--- DATASET ENTRIES Enclosed Below ---

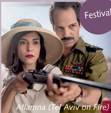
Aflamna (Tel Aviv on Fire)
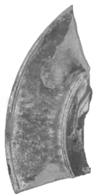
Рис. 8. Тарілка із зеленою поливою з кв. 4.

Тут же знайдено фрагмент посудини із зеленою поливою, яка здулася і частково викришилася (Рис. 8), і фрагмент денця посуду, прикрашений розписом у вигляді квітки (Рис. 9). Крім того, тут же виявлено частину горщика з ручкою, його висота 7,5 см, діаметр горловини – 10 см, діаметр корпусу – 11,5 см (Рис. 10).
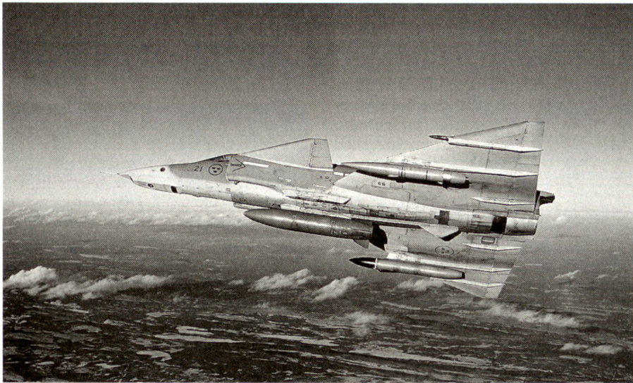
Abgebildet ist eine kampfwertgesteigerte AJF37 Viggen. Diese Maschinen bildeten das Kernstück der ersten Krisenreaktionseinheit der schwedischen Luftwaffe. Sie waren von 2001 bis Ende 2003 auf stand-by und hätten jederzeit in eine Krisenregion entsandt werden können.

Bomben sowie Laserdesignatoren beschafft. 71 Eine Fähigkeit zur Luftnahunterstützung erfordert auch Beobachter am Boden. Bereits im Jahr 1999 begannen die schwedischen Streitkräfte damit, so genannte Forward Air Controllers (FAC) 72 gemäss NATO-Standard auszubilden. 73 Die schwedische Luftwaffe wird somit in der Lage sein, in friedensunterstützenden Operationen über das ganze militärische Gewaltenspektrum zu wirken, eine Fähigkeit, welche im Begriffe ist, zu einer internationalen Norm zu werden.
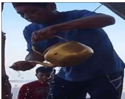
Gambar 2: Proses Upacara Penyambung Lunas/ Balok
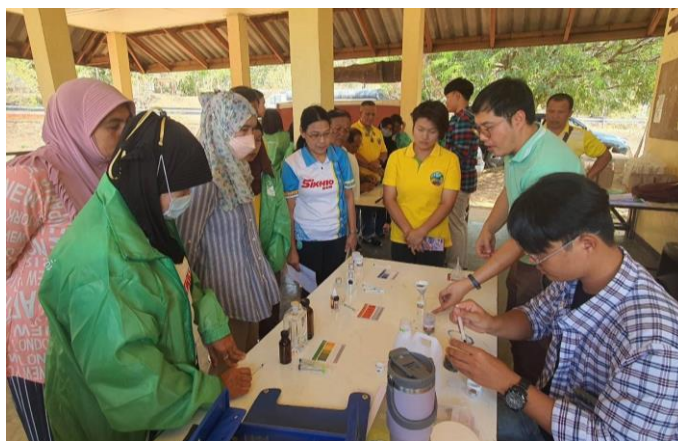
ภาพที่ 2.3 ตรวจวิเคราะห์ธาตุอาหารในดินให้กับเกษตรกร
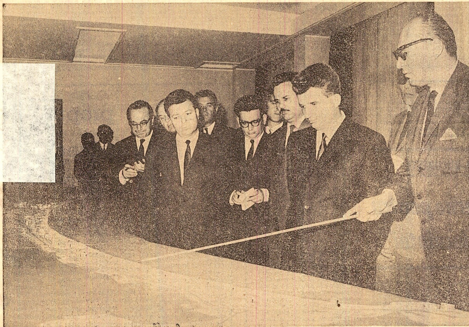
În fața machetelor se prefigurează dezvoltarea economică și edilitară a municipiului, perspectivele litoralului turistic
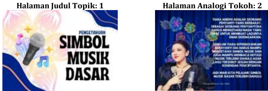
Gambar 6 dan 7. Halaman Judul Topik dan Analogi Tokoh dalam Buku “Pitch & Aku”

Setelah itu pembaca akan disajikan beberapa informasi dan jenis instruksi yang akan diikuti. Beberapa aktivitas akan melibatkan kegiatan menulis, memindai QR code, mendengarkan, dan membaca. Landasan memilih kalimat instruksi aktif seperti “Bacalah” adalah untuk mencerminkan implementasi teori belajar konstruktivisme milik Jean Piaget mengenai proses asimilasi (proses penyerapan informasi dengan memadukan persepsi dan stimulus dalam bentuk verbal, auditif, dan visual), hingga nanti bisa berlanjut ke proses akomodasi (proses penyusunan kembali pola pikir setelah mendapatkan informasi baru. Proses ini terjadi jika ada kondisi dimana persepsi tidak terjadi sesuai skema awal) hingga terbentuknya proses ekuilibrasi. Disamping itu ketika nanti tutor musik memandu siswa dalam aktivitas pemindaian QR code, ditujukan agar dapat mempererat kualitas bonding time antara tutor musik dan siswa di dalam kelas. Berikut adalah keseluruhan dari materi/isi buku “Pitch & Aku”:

--- End of Enclosed DATASET ENTRIES ---

ACTIVITY:
All lines from the one containing "ภาพที่ 2.3 ตรวจวิเคราะห์ธาตุอาหารในดินให้กับเกษตรกร" through the end of the entries above must be given again exactly, with every picture omitted.

RESPONSE AREA:
ภาพที่ 2.3 ตรวจวิเคราะห์ธาตุอาหารในดินให้กับเกษตรกร
În fața machetelor se prefigurează dezvoltarea economică și edilitară a municipiului, perspectivele litoralului turistic
Gambar 6 dan 7. Halaman Judul Topik dan Analogi Tokoh dalam Buku “Pitch & Aku”

Setelah itu pembaca akan disajikan beberapa informasi dan jenis instruksi yang akan diikuti. Beberapa aktivitas akan melibatkan kegiatan menulis, memindai QR code, mendengarkan, dan membaca. Landasan memilih kalimat instruksi aktif seperti “Bacalah” adalah untuk mencerminkan implementasi teori belajar konstruktivisme milik Jean Piaget mengenai proses asimilasi (proses penyerapan informasi dengan memadukan persepsi dan stimulus dalam bentuk verbal, auditif, dan visual), hingga nanti bisa berlanjut ke proses akomodasi (proses penyusunan kembali pola pikir setelah mendapatkan informasi baru. Proses ini terjadi jika ada kondisi dimana persepsi tidak terjadi sesuai skema awal) hingga terbentuknya proses ekuilibrasi. Disamping itu ketika nanti tutor musik memandu siswa dalam aktivitas pemindaian QR code, ditujukan agar dapat mempererat kualitas bonding time antara tutor musik dan siswa di dalam kelas. Berikut adalah keseluruhan dari materi/isi buku “Pitch & Aku”:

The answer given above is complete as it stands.